WORK INSTRUCTION -> Omit the pictures and retype only the lines from the one containing "- EVERYTHING YOU" through the end of the listing, both ends included.

DATA EXCERPT ->
● ● ● ● ●
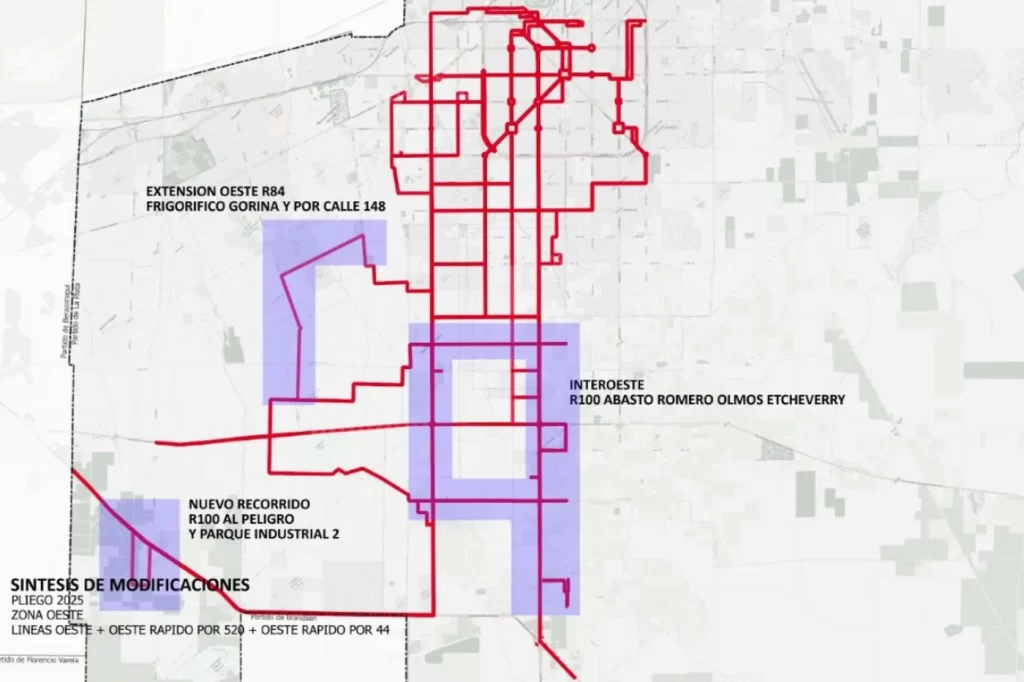 Las unidades rojas del Oeste también experimentarán cambios. Los nuevos esquemas conectarán localidades de la periferia, mejorarán la vinculación de zonas productivas industriales y residenciales. Se agregarán rondines en El Peligro, Abasto y el Parque Industrial II; habrá nuevos recorridos entre las localidades de Romero, Abasto, Etcheverry y Olmos; y se extenderá el ramal 84. También habrá servicios rápidos en la avenida 44 y la 520.
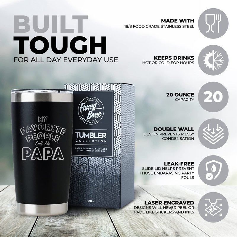 - EVERYTHING YOU NEED, NOTHING YOU DON'T - Purchasing from Funny Bone Drinkware means that you can rest assured that you're ordering an item that's holiday ready! Our papa mug tumblers include a splash-proof slide lid and are safely packaged in a attractively designed gift box!
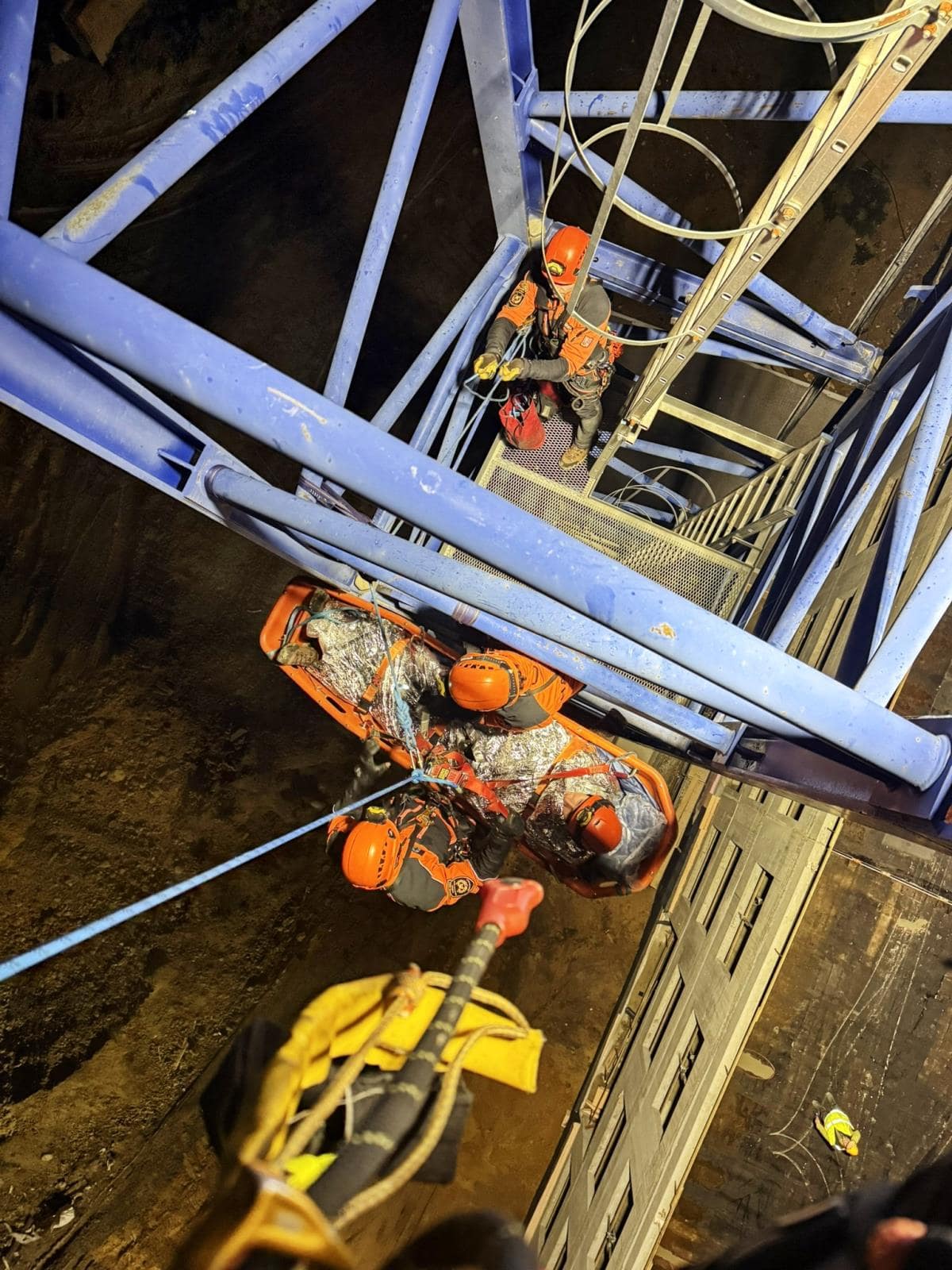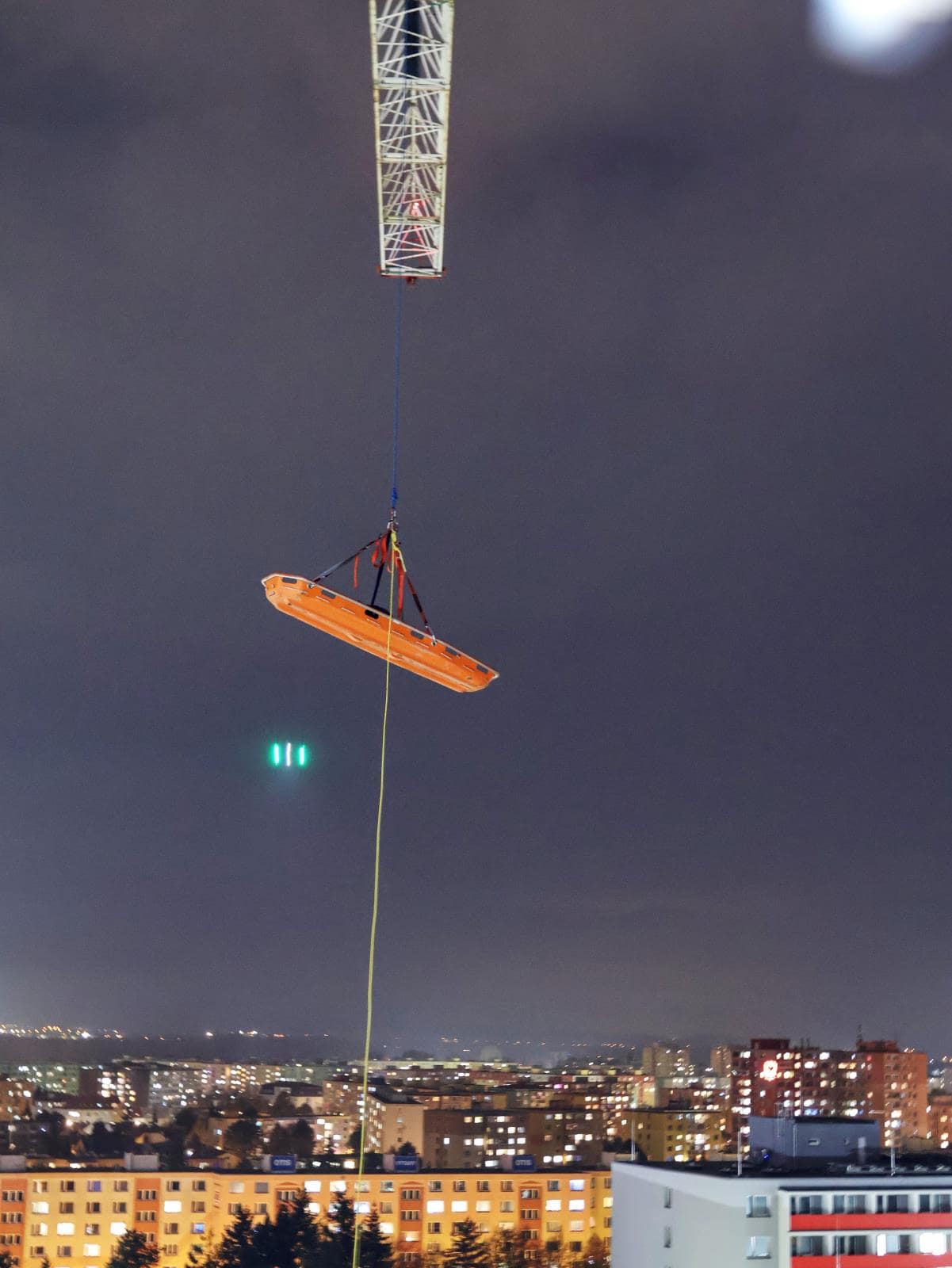 Prvním scénářem byla simulace zkolabovaného jeřábníka. Hasiči se museli dostat do kabiny, zajistit pacienta a pomocí speciálních nosítek jej bezpečně spustit až na zem. Celý zásah probíhal v úzkém prostoru a ve výšce, kde jakýkoliv chybný pohyb může zkomplikovat situaci.
● ● ● ● ●
RESULT ->
 - EVERYTHING YOU NEED, NOTHING YOU DON'T - Purchasing from Funny Bone Drinkware means that you can rest assured that you're ordering an item that's holiday ready! Our papa mug tumblers include a splash-proof slide lid and are safely packaged in a attractively designed gift box!
 Prvním scénářem byla simulace zkolabovaného jeřábníka. Hasiči se museli dostat do kabiny, zajistit pacienta a pomocí speciálních nosítek jej bezpečně spustit až na zem. Celý zásah probíhal v úzkém prostoru a ve výšce, kde jakýkoliv chybný pohyb může zkomplikovat situaci.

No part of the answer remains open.